Apprentice-Based Education

October 21, 2011

Given academia's current failures and inefficiencies it is time to revisit the fundamental assumptions about the optimal method for educating students.  Drawing more from the past than unrealistic future expectations, one method that could augment the education experience and address many criticisms of higher education in America would be to implement a system of apprenticeships across campuses nationwide.  Valuing practical engagement over stuffy and inapplicable theory, apprentice-based education offers a viable alternative to the status quo that could greatly improve the higher education experience, says Jay Schalin of the Pope Center for Higher Education Policy.

The apprenticeship would function in a manner that is mutually beneficial to both the student-worker and the instructor-employer.

  • Students could enroll for part-time or full-time work at an organization within their field of interest.
  • While there, they would receive instruction from various employees in the organization and spend the rest of their time working on whatever tasks they are assigned.
  • In this way, the student gains hands-on knowledge and know-how and simultaneously becomes accustomed to the modern work environment, while the employer gains a productive and responsible worker.
  • Furthermore, the student need not pay tuition for their instruction -- they would simply forgo a wage, trading labor output for their education.

It is possible to go a step further and do away with the traditional, four-year institution altogether.  In such a system, the private company would be allowed to grant a degree upon completion of the program.  This would maximize the student's real-world experience, making him or her a valuable commodity in the market and able to adjust quickly to non-educational full-time work.

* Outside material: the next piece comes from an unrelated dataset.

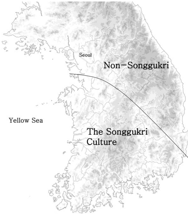
Figure 2. The distribution of the Songgukri Culture and non-Songgukri cultures.

development of the Songgukri Culture and the spread of wet farming in southwestern Korea were subsistence-technological innovations developed by local populations in order to solve a population–resource imbalance resulting from rapid population growth and reduced soil fertility owing to long, continuous farming in the Early Mumun Period (Kim 2003b). However, it is still unknown why the Songgukri Culture and wet farming techniques remained confined spatially to southwestern Korea and did not spread to central Korea. In our view, the spatial division of material culture and subsistence strategies between central and southern Korea was largely the result of differences in environmental factors. Whereas marshes and bogs are well distributed in southern Korea, they are rare in the more mountainous central Korea, which would have made the construction and use of rice paddies far more costly in that area.

Detractors argue first that universities help to create more well-rounded individuals by requiring interdisciplinary study, but this same end could be accomplished by partnerships between private firms and local community colleges.  Regardless, the benefits of such a system clearly outweigh the costs.  The burden of funding public universities could be largely lifted from state governments and it best prepares students to become productive workers, allowing them to fulfill the overall purpose of higher education.